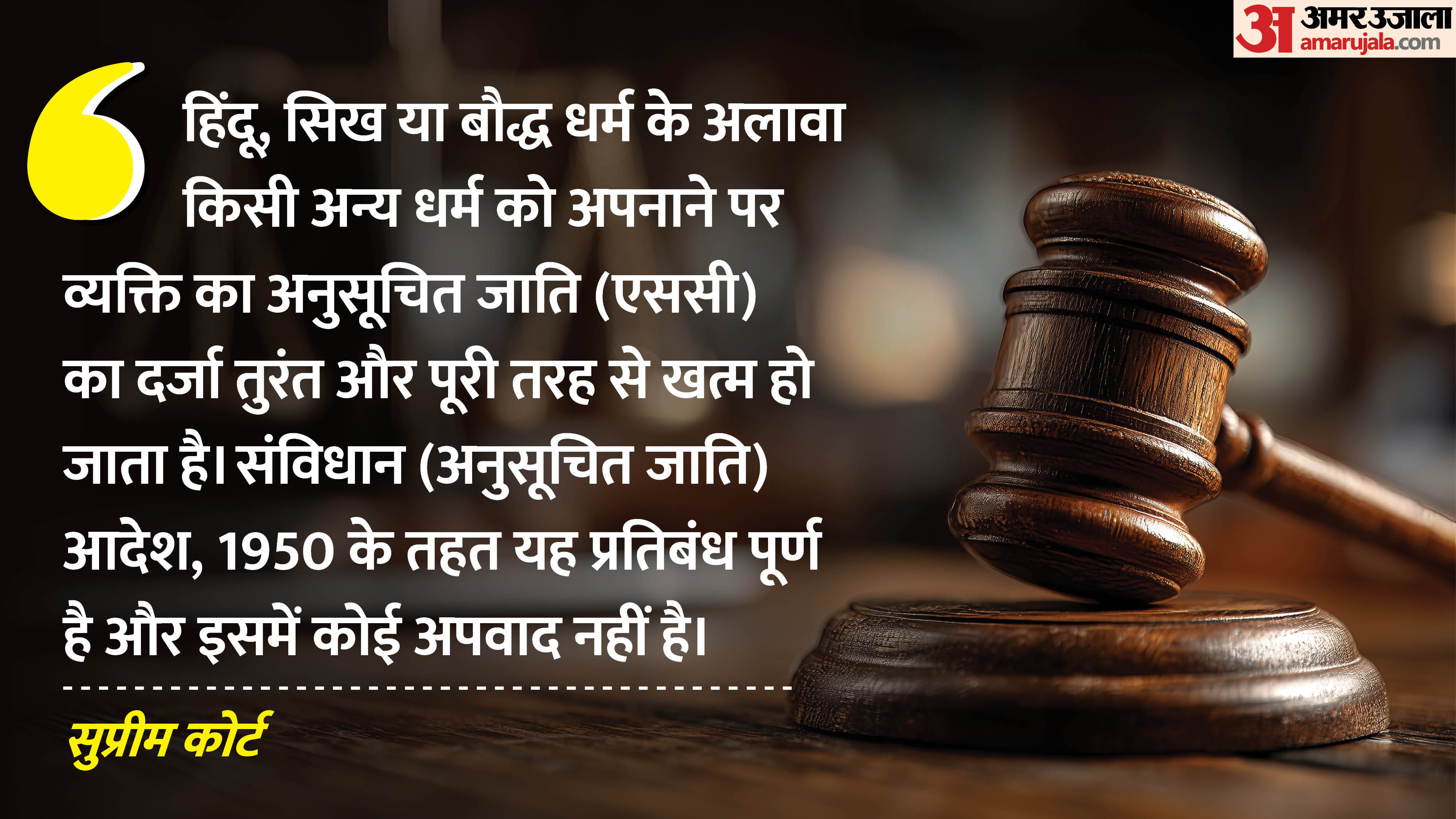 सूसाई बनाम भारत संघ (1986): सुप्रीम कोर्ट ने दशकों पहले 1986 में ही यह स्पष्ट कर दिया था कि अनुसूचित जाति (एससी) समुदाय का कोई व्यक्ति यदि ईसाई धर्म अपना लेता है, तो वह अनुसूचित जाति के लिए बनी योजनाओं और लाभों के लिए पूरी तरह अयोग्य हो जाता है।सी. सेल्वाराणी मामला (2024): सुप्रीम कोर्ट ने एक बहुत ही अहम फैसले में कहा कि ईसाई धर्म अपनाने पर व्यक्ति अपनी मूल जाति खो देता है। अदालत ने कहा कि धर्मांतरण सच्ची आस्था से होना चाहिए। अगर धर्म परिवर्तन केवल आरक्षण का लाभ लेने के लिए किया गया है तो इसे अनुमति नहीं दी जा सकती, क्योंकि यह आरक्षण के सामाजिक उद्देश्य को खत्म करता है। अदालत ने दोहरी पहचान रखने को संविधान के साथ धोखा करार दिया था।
==
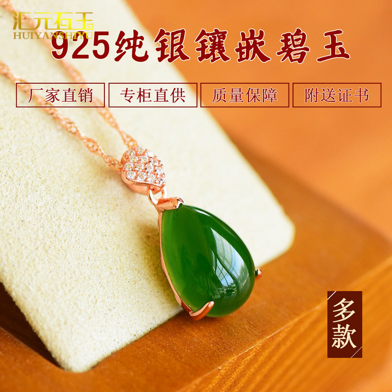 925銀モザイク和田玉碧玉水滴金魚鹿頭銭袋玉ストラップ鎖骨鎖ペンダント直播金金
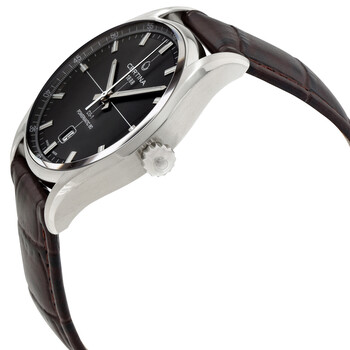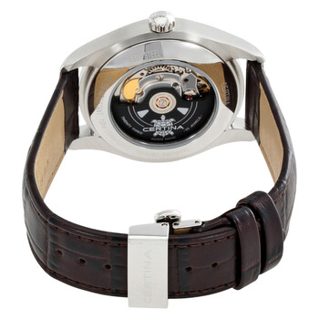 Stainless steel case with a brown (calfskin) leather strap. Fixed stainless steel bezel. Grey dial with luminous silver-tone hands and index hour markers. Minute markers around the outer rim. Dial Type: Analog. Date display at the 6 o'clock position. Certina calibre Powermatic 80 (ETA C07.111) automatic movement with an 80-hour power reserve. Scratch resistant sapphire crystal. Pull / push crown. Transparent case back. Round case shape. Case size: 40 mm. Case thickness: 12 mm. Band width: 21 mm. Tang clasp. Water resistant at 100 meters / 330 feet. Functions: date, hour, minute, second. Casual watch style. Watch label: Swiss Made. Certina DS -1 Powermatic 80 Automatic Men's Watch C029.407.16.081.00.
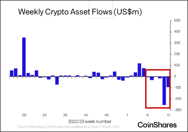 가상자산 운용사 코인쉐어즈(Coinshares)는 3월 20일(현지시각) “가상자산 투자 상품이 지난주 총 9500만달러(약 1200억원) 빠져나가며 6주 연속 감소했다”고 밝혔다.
...
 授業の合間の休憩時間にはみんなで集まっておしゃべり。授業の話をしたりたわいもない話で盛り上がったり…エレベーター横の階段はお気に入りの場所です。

Prompt: Above are records; repeat only the lines from the line with "925銀モザイク和田玉碧玉水滴金魚鹿頭銭袋玉ストラップ鎖骨鎖ペンダント直播金金" through the line with "가상자산 운용사 코인쉐어즈(Coinshares)는", and leave pictures out.

Solution:
 925銀モザイク和田玉碧玉水滴金魚鹿頭銭袋玉ストラップ鎖骨鎖ペンダント直播金金
 Stainless steel case with a brown (calfskin) leather strap. Fixed stainless steel bezel. Grey dial with luminous silver-tone hands and index hour markers. Minute markers around the outer rim. Dial Type: Analog. Date display at the 6 o'clock position. Certina calibre Powermatic 80 (ETA C07.111) automatic movement with an 80-hour power reserve. Scratch resistant sapphire crystal. Pull / push crown. Transparent case back. Round case shape. Case size: 40 mm. Case thickness: 12 mm. Band width: 21 mm. Tang clasp. Water resistant at 100 meters / 330 feet. Functions: date, hour, minute, second. Casual watch style. Watch label: Swiss Made. Certina DS -1 Powermatic 80 Automatic Men's Watch C029.407.16.081.00.
 가상자산 운용사 코인쉐어즈(Coinshares)는 3월 20일(현지시각) “가상자산 투자 상품이 지난주 총 9500만달러(약 1200억원) 빠져나가며 6주 연속 감소했다”고 밝혔다.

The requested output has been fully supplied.